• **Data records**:
========================================================================

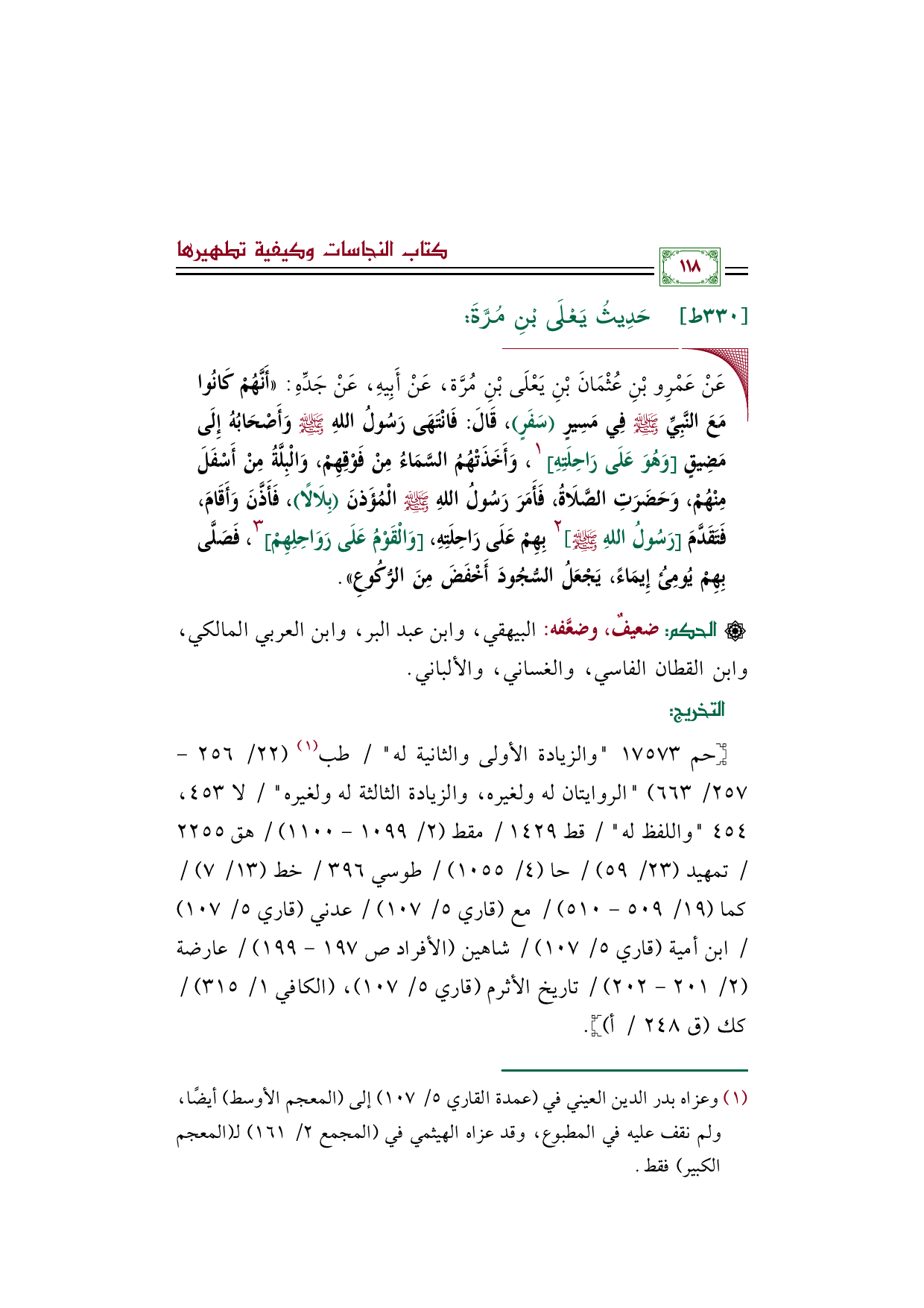 ◼ عَنْ عَمْرِو بْنِ عُثْمَانَ بْنِ يَعْلَى بْنِ مُرَّة، عَنْ أَبِيهِ، عَنْ جَدِّهِ: ((أَنَّهُمْ كَانُوا مَعَ النَّبِيِّ صلى الله عليه وسلم فِي مَسِيرٍ (سَفَرٍ)، قَالَ: فَانْتَهَى رَسُولُ اللهِ صلى الله عليه وسلم وَأَصْحَابُهُ إِلَى مَضِيقٍ [وَهُوَ عَلَى رَاحِلَتِهِ] ١، وَأَخَذَتْهُمُ السَّمَاءُ مِنْ فَوْقِهِمْ، وَالْبِلَّةُ مِنْ أَسْفَلَ مِنْهُمْ، وَحَضَرَتِ الصَّلَاةُ، فَأَمَرَ رَسُولُ اللهِ صلى الله عليه وسلم الْمُؤَذنَ (بِلَالًا)، فَأَذَّنَ وَأَقَامَ، فَتَقَدَّمَ [رَسُولُ اللهِ صلى الله عليه وسلم] ٢ بِهِمْ عَلَى رَاحِلَتِهِ، [وَالْقَوْمُ عَلَى رَوَاحِلِهِمْ] ٣، فَصَلَّى بِهِمْ يُومِئُ إِيمَاءً، يَجْعَلُ السُّجُودَ أَخْفَضَ مِنَ الرُّكُوعِ)).
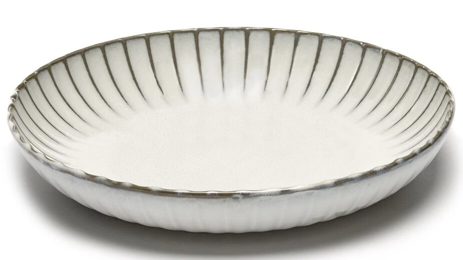 De serveerschaal S van Serax INKU heeft een diameter van 27 cm en is 5 cm hoog, en is aan de rand voorzien van een decoratief ribbelpatroon. De schaal is gemaakt van steengoed (aardewerk) en is wit geglazuurd. Gebruik voor het serveren van gerechten.
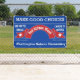 Shout out to the community that your school is drug free and supports Red Ribbon week. Text reads: Say No To Drugs, Choose To Refuse. Customize your school banner with your own text message. Perfect for elementary school, middle school and high school. Great community banner. Design features a red, white and blue theme with stripes, stars and a red ribbon. Modern blue design.
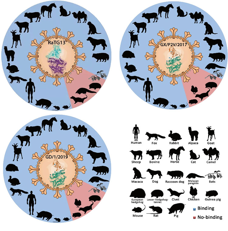 中國科學院微生物研究所高福院士團隊建立了高效評估冠狀病毒跨種識別能力的方法,利用這些方法對蝙蝠源性冠狀病毒 RaTG13和穿山甲源性冠狀病毒 GD/1/2019 和 GX/P2V/2017 的跨種傳播潛在風險進行評估,并闡明其跨種識別的分子機制,研究發(fā)現(xiàn)上述三種冠狀病毒存在跨種傳播的潛在風險,提示我們要持續(xù)對動物源性冠狀病毒進行監(jiān)測,預防新的冠狀病毒引發(fā)疫情,同時為理解病毒進化提供分子基礎。
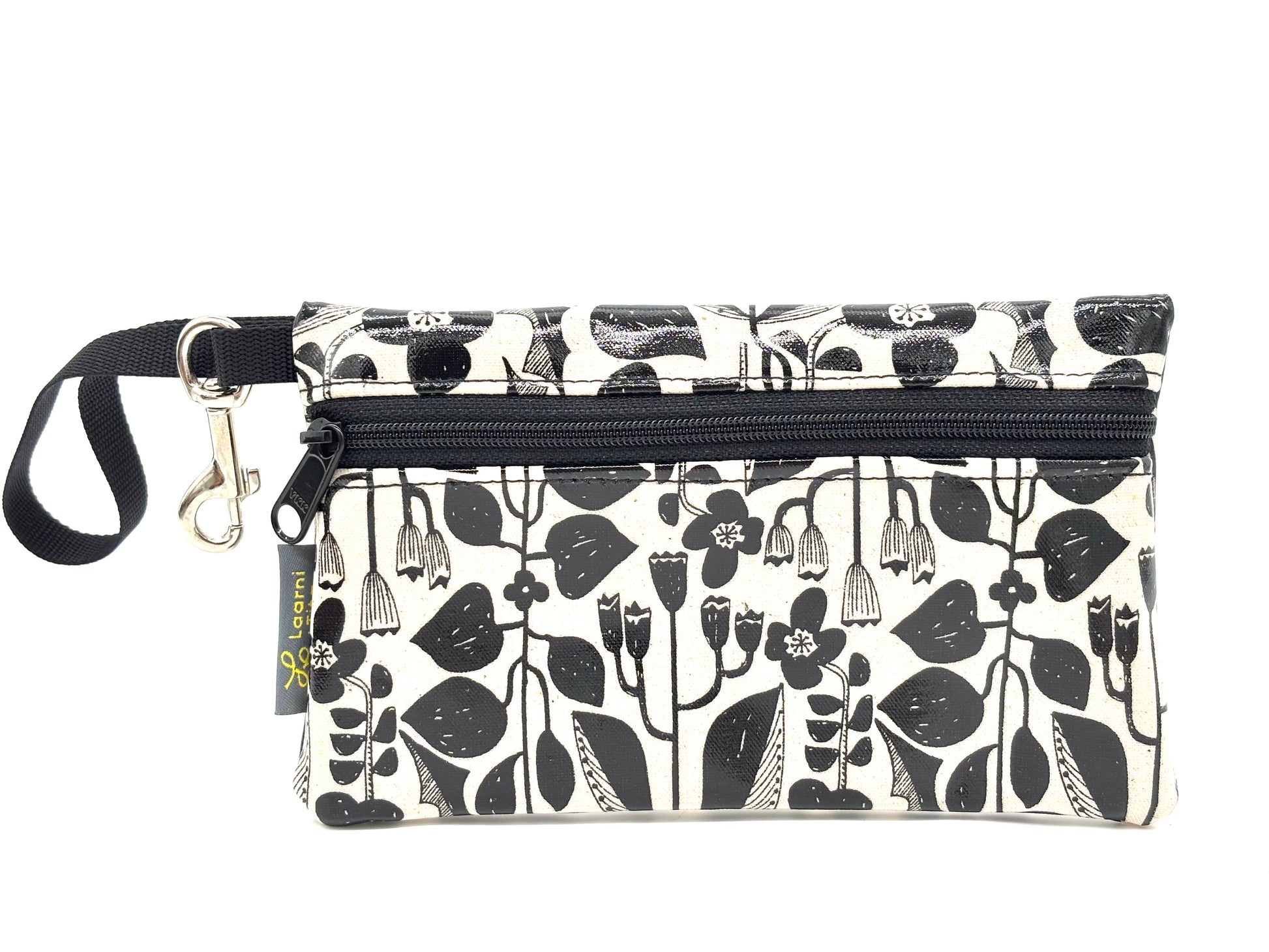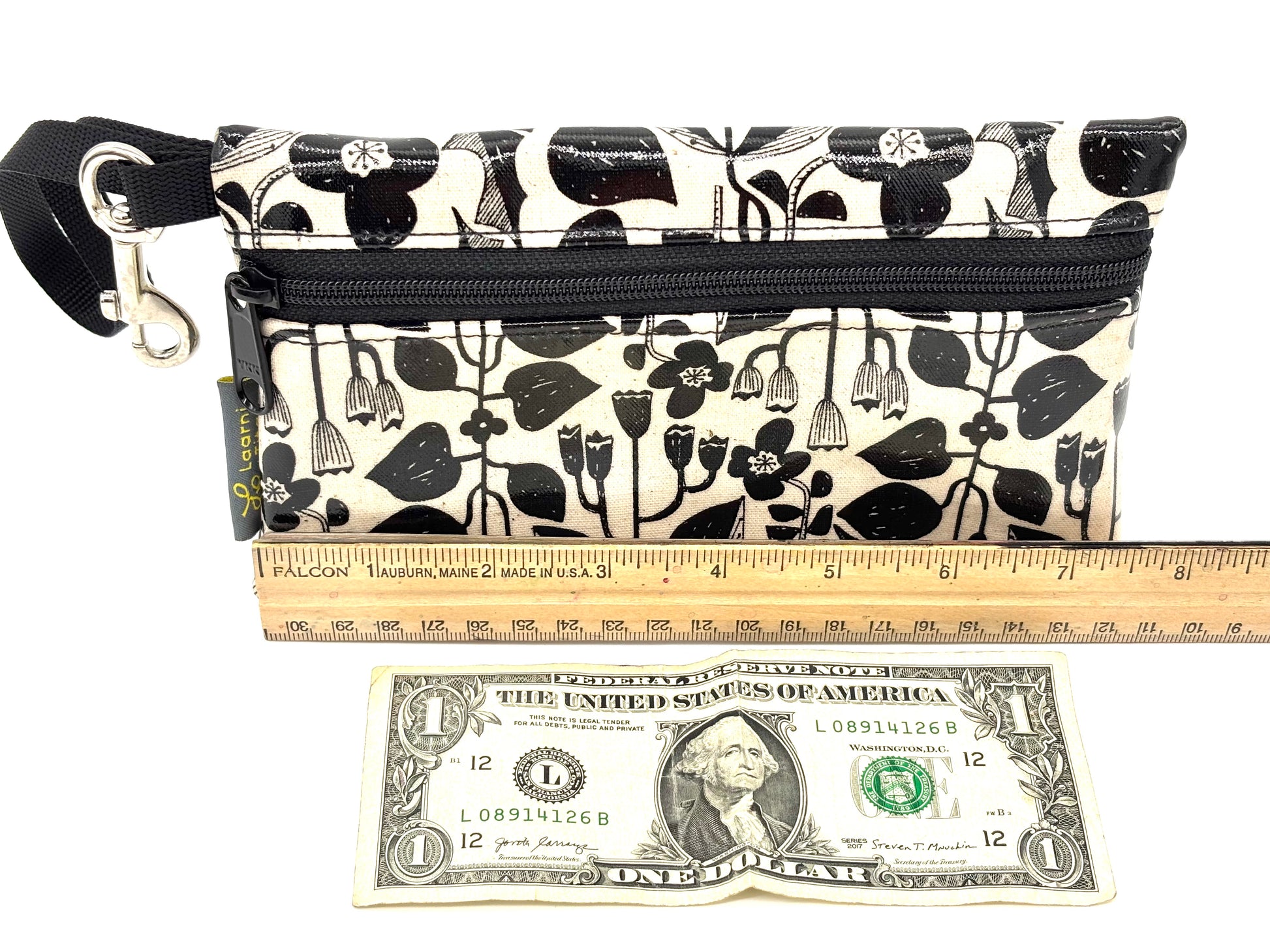 Great for when you just want to take your ID, some cash, your cell phone, lip gloss, and keys. There's a divider inside to keep things separated. Use the key clip for keys or clip to a belt loop. Black nylon strap for your wrist.

========================================================================

• **HOW TO COMPLETE THIS TASK**: Please retype the records above exactly, excluding every picture.

• **ANSWER SECTION**:
 ◼ عَنْ عَمْرِو بْنِ عُثْمَانَ بْنِ يَعْلَى بْنِ مُرَّة، عَنْ أَبِيهِ، عَنْ جَدِّهِ: ((أَنَّهُمْ كَانُوا مَعَ النَّبِيِّ صلى الله عليه وسلم فِي مَسِيرٍ (سَفَرٍ)، قَالَ: فَانْتَهَى رَسُولُ اللهِ صلى الله عليه وسلم وَأَصْحَابُهُ إِلَى مَضِيقٍ [وَهُوَ عَلَى رَاحِلَتِهِ] ١، وَأَخَذَتْهُمُ السَّمَاءُ مِنْ فَوْقِهِمْ، وَالْبِلَّةُ مِنْ أَسْفَلَ مِنْهُمْ، وَحَضَرَتِ الصَّلَاةُ، فَأَمَرَ رَسُولُ اللهِ صلى الله عليه وسلم الْمُؤَذنَ (بِلَالًا)، فَأَذَّنَ وَأَقَامَ، فَتَقَدَّمَ [رَسُولُ اللهِ صلى الله عليه وسلم] ٢ بِهِمْ عَلَى رَاحِلَتِهِ، [وَالْقَوْمُ عَلَى رَوَاحِلِهِمْ] ٣، فَصَلَّى بِهِمْ يُومِئُ إِيمَاءً، يَجْعَلُ السُّجُودَ أَخْفَضَ مِنَ الرُّكُوعِ)).
 De serveerschaal S van Serax INKU heeft een diameter van 27 cm en is 5 cm hoog, en is aan de rand voorzien van een decoratief ribbelpatroon. De schaal is gemaakt van steengoed (aardewerk) en is wit geglazuurd. Gebruik voor het serveren van gerechten.
 Shout out to the community that your school is drug free and supports Red Ribbon week. Text reads: Say No To Drugs, Choose To Refuse. Customize your school banner with your own text message. Perfect for elementary school, middle school and high school. Great community banner. Design features a red, white and blue theme with stripes, stars and a red ribbon. Modern blue design.
 中國科學院微生物研究所高福院士團隊建立了高效評估冠狀病毒跨種識別能力的方法,利用這些方法對蝙蝠源性冠狀病毒 RaTG13和穿山甲源性冠狀病毒 GD/1/2019 和 GX/P2V/2017 的跨種傳播潛在風險進行評估,并闡明其跨種識別的分子機制,研究發(fā)現(xiàn)上述三種冠狀病毒存在跨種傳播的潛在風險,提示我們要持續(xù)對動物源性冠狀病毒進行監(jiān)測,預防新的冠狀病毒引發(fā)疫情,同時為理解病毒進化提供分子基礎。
 Great for when you just want to take your ID, some cash, your cell phone, lip gloss, and keys. There's a divider inside to keep things separated. Use the key clip for keys or clip to a belt loop. Black nylon strap for your wrist.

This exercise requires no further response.